O Presidente Lula foi condenado, pelo
atual Ministro da Justiça, a 9 anos e 6 meses de reclusão; teve sua pena
aumentada no Tribunal da 4ª Região para 12 anos e 1 mês e, até agora, teve sua
pena reduzida para 8 anos e 10 meses, no STJ. Quando do julgamento, já estava
preso provisoriamente por 1 ano e 1 mês. Então, 8 anos e 10 meses de prisão, com
a detração, significam 7 anos e 9 meses, a cumprir com base na condenação
(injusta, frise-se). Pelo Código Penal, o condenado à pena superior a 4 e
inferior a 8 anos deverá começar a cumprir a pena em regime semi-aberto. Não se
sustenta raciocínio diverso, segundo o qual se trataria de execução de pena, e
não de fixação do regime inicial, pela só razão de que ainda estamos em fase de
imposição de pena definitiva. Tudo o que se aplicou até agora é provisório, e
não definitivo. Prisão preventiva, prisão temporária, prisão em flagrante e
execução provisória são espécies do gênero "prisão provisória"!
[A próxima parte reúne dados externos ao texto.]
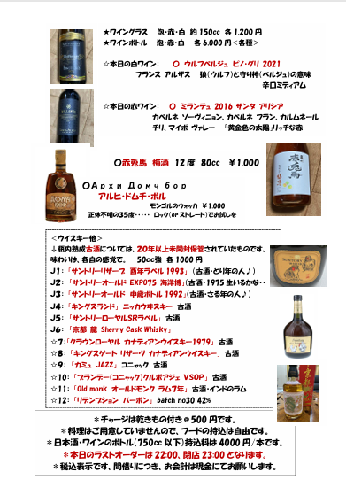 ●持込ワイン・日本酒: 持込料4000円/本
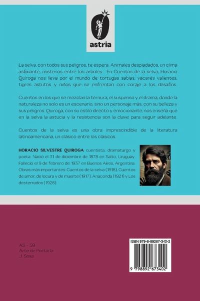 La selva, con todos sus peligros, te espera. Animales despiadados, un clima asfixiante, misterios entre los árboles... En Cuentos de la selva, Horacio Quiroga nos lleva por el mundo de tortugas sabias, yacarés valientes, tigres astutos y niños que se enfrentan con coraje a los desafíos. Cuentos en los que se mezclan la ternura, el suspenso y el drama, donde la naturaleza no solo es un escenario, sino un personaje más, con su belleza y sus peligros. Quiroga, con su estilo directo y emocionante, nos enseña que en la selva la astucia y la resistencia son la clave para seguir adelante. Cuentos de la selva es una obra imprescindible de la literatura latinoamericana, un clásico entre los clásicos. Sobre el autor: Horacio Silvestre Quiroga, cuentista, dramaturgo y poeta. Nació el 31 de diciembre de 1878 en Salto, Uruguay. Falleció el 9 de febrero de 1937 en Buenos Aires, Argentina. Obras más importantes: Cuentos de la selva (1918), Cuentos de amor, de locura y de muerte (1917), Anaconda (1921) y Los desterrados (1926).
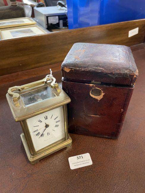 Continental Period Brass Carriage Clock with Enameled Face and Original Leather Case (some faults)
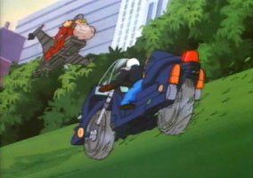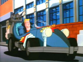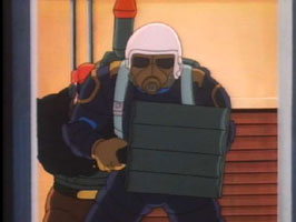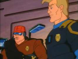 Episode Name: The Case of the Bogus Justice Machines Episode Synopsis: It's a calm day in Empire City and Big Boss is sitting in his car with Squeaky Clean, seemingly watching an innocent couple parking their car...but suddenly a large, lumbering robot wheeled out, grabbed the man, scanned him, chained him to the sidewalk, and informed him that he had broken the "No Parking" rule on this street. This robot acts as Judge and Jury as well, proclaiming him immediately guilty and leaving him there, trapped on the street. As the robot wheels away, Big Boss seems quite pleased and convinced that Empire City will soon be "theirs". We shift to the COPS precinct where Bullet-Proof is filling in the COPS on the new "Instant Justice" program, which has been approved by the City Council. Mace shares his disdain for this new system, but Bullet-Proof tells him to leave his opinions at the door. Back in Empire City, a businesswoman finds herself confronted by one of the "Instant Justice" robots, who informs her that she was jaywalking...somewhere else in the city, a man gets his hat blown off his head, and yet another robot corners him about "littering". Even two kids riding skateboards get nabbed for speeding. It would seem these Instant Justice robots have some bugs to work out...or do they? On another side of town, Berzerko and Ms. Demeanor are making off with bags of gold from one of Empire City's many banks...they slide into their Roadster and Air Speeder vehicles, however the loot is too heavy for Ms. Demeanor to take off with it. The COPS burst onto the scene, it would appear just in time; Mace and Highway immediately give chase, one in a patrol car, and one on a Bluestreak Motorcycle. The two Crooks split up, Berzerko taking the "low road" while Ms. Demeanor takes the high road, and ends up on top of a cross-city train with Highway close behind. Highway chases her through the train tunnel and out onto a grassy hillside, where he skids off the edge on his motorcycle, threatening to plummet down to the city streets below. He activates his ejection seat and ends up on Ms. Demeanor's Air Speeder, but the weight proves to be too much, and the Air Speeder spirals down and crashes back onto the elevated train. While Highway is preparing to bring in Ms. Demeanor, one of the Instant Justice Machines arrives and interrupts him, but to Highway's shock and surprise, the Instant Justice Machine sets her free based on "circumstantial evidence". Enraged, Highway and Sgt. Mace bring this up to Bullet-Proof's attention, who notes that arrests are WAY up on incidental, non-serious crimes while Crooks are getting away with more serious transgressions. Bullet-Proof asks Mace and Barricade to tail Ms. Demeanor, and they find her exiting a local gym, and then they follow her to a rundown corner of Empire City, a corporation named Vetrocon, to be exact. Mace and Barricade arm up and get ready to go see exactly what Ms. Demeanor is doing inside, and what they see is not good. Ms. Demeanor is meeting up with City Councilman Vargas and giving him fistfulls of cash in order to promote these "Instant Justice" machines. Something fishy is in the Empire City Council! Barricade wants to take it slow, but Mace isn't waiting around, and he's ready to bust some heads, so the two go down together, and Barricade slams the door down with his "Mule", so they charge in, ready to arrest the two criminals. But waiting inside are the Instant Justice Machines, and soon, it's Barricade and Mace who are cuffed and helpless. Big Boss and the Crooks come to Vetrocon and speak with Councilman Vargas, trying to encourage him to get rid of the two COPS permenantly, but he doesn't seem willing to go that extra step. Meanwhile, Bullet-Proof is reading a newspapar article that quotes Vargas as saying that COPS are a thing of the past...so he decides they need to pay the councilman a little visit. Barricade, while bound and trapped with Mace begins to turn things around on the Justice Machine standing guard...using a negotiation technique to get in good with the captor. Bullet-Proof and Bullseye don't find Vargas in his office, but they are told by someone there that he's been spending some time at Vetrocon! They take off in the Air Raid chopper, heading right for Vargas and the Crooks. The two COPS turn on their surveillance mikes and hear that Mace and Barricade are captives inside the warehouse. They locate the two with Air Raid's infrared cameras...as the two land, Bullet-Proof puts in a call for backup, and the COPS all charge out of their precinct, heading straight for Vetrocon. The two COPS don't want to wait, so Bullet-Proof kicks down the door and they charge in...but Vargas refuses to be taken without a fight! Up in the control room, he uses the manufacturing equipment to try and take down the COPS, but ends up destroying a bunch of the Instant Justice Machines in the process. Bullet-Proof and Bullseye let their guns do the talking, and take down a bunch of the Justice Machines while Barricade sweet talks their guard into letting them go as well. Suddenly Bullet-Proof and Bullseye are caught by the machines, but the rest of the COPS arrive just in time, rampaging through the rest of the Instant Justice Robots. Vargas is cornered in the control room by Mace and Barricade, and he threatens to blow the whole place up...but Barricade holds Mace back, who just wants to jump him, and negotiates with him, calming him down so they can place him under arrest. Case Closed. |
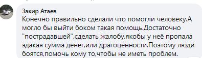 "Конечно, правильно сделали, что помогли человеку. А могла бы выйти боком такая помощь. Достаточно "пострадавшей" сделать жалобу, якобы у неё пропала этакая сумма денег или драгоценности. Поэтому люди боятся помочь кому-то, чтобы не иметь проблем", — выразил свое мнение один из участников группы.
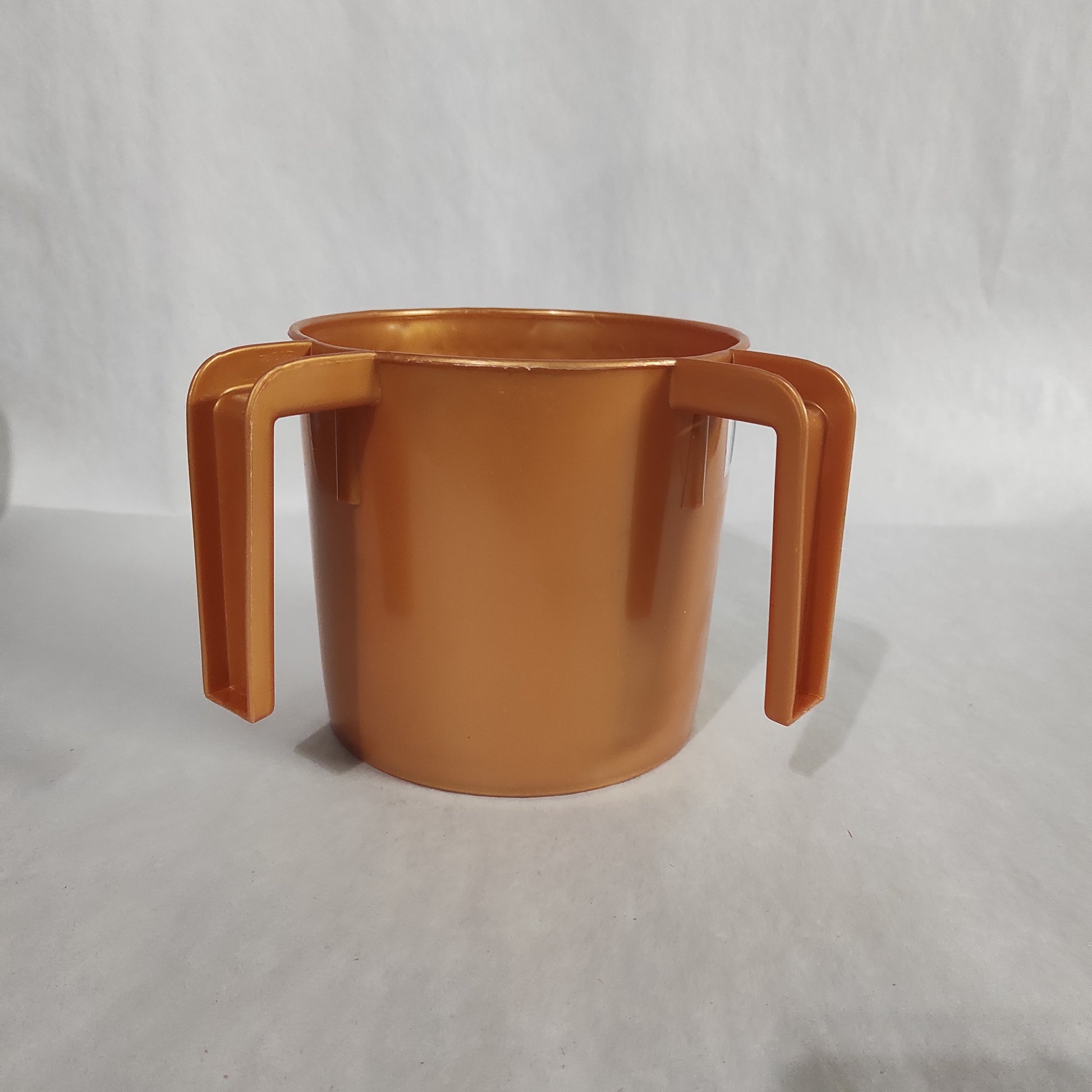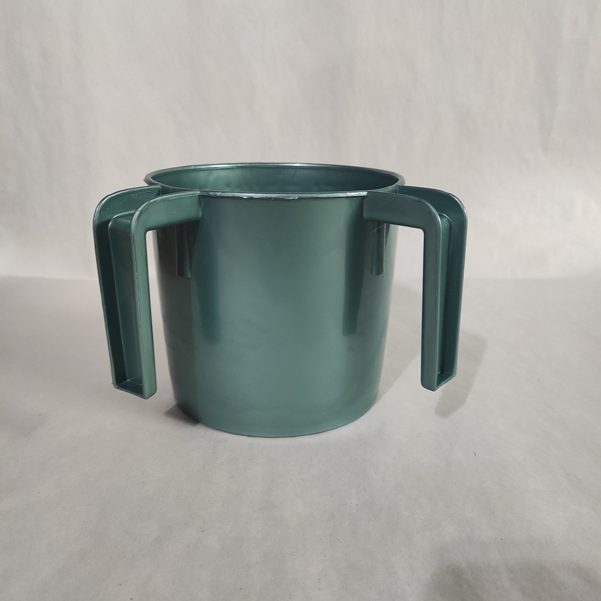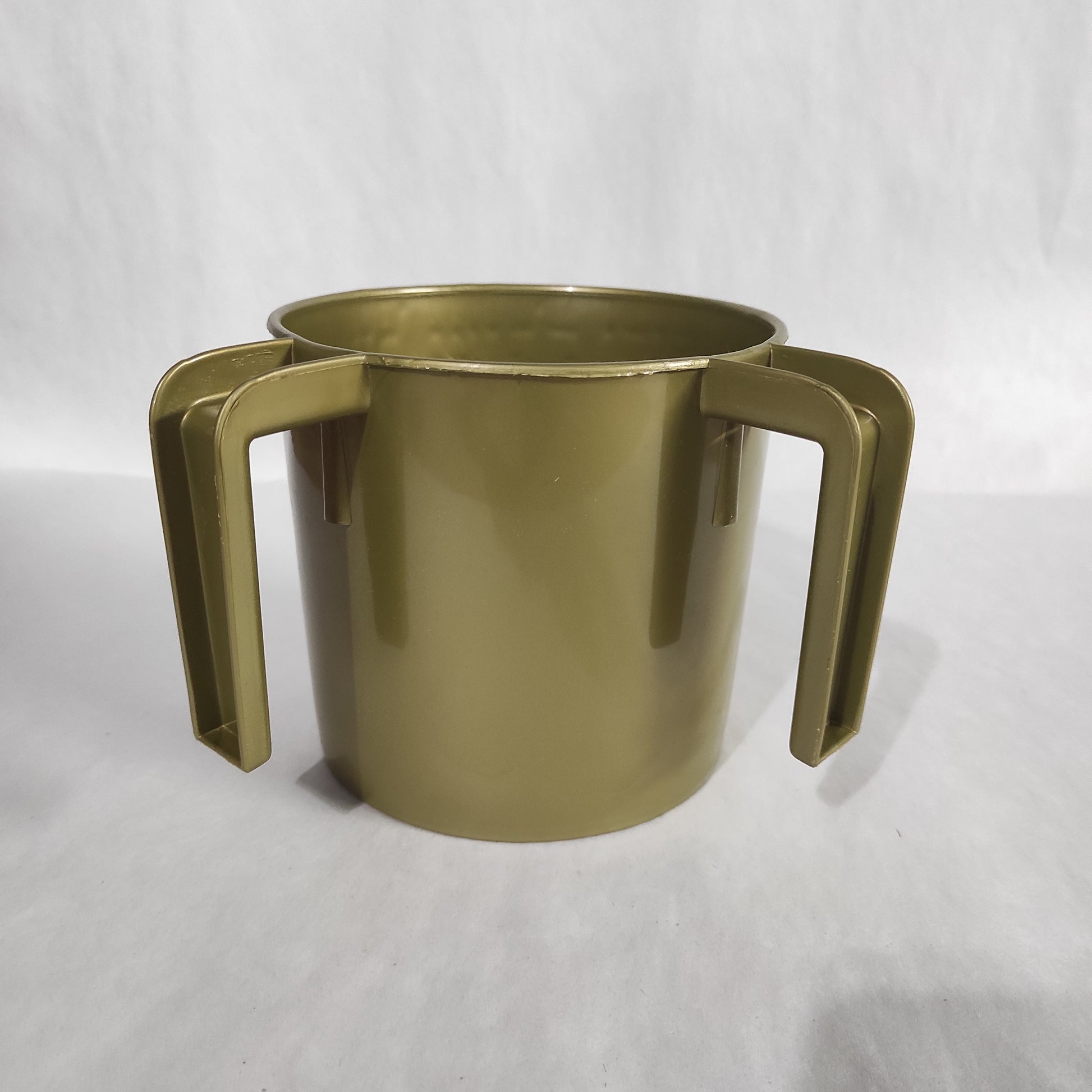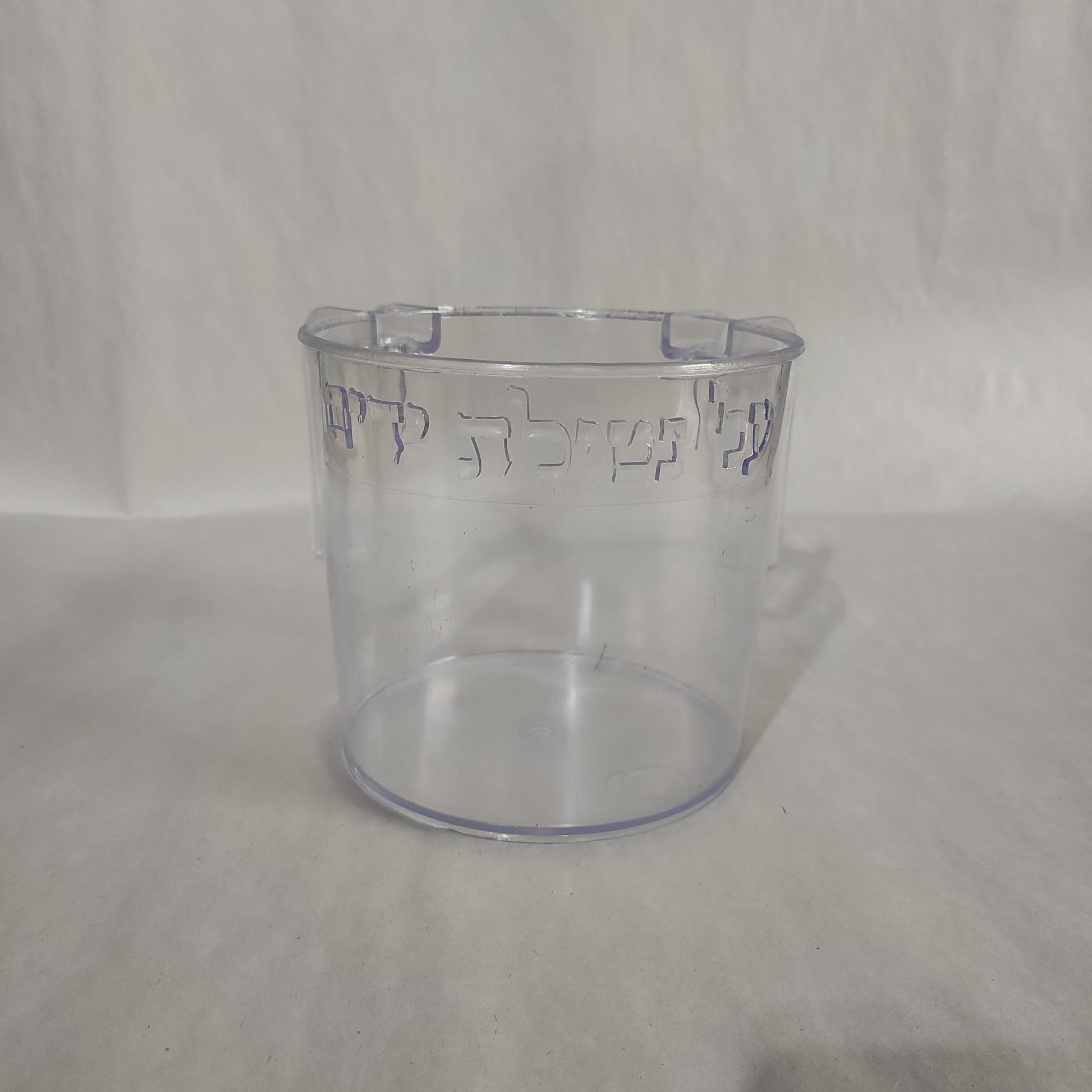 Judaica Wash Cup is designed with dual handles and embossed with the words "על נטילת ידים".

Ainda haveria uma hipótese para não
aplicar desde logo o semi-aberto: entender que o condenado merece prisão mais
rigorosa em razão do modo de cometimento do crime. Não é razoável, e portanto
não há amparo jurídico, para que se aplique a um idoso, que teria cometido
crime sem violência ou grave ameaça, um "rigor" não aplicado nem
mesmo a traficantes de drogas e homicidas. No Estado de Direito, só há um
"rigor" permitido: o constante da lei. E mais uma vez a lei está ao
lado do ex-presidente Lula.
Cuida-se tão somente de dar a um réu o
mesmo tratamento dispensado a milhares de brasileiros. É certo que o
ex-presidente Lula não está acima da lei, mas também não pode estar fora do seu
manto protetor. A lei é clara e são incabíveis giros hermenêuticos para mudar o
seu sentido e criar condições não escritas. Lula está preso provisoriamente,
tem direito à detração e deve imediatamente ir para o regime semi-aberto.
*Flávio
Dino é advogado, ex-juiz federal e atual governador do Maranhão.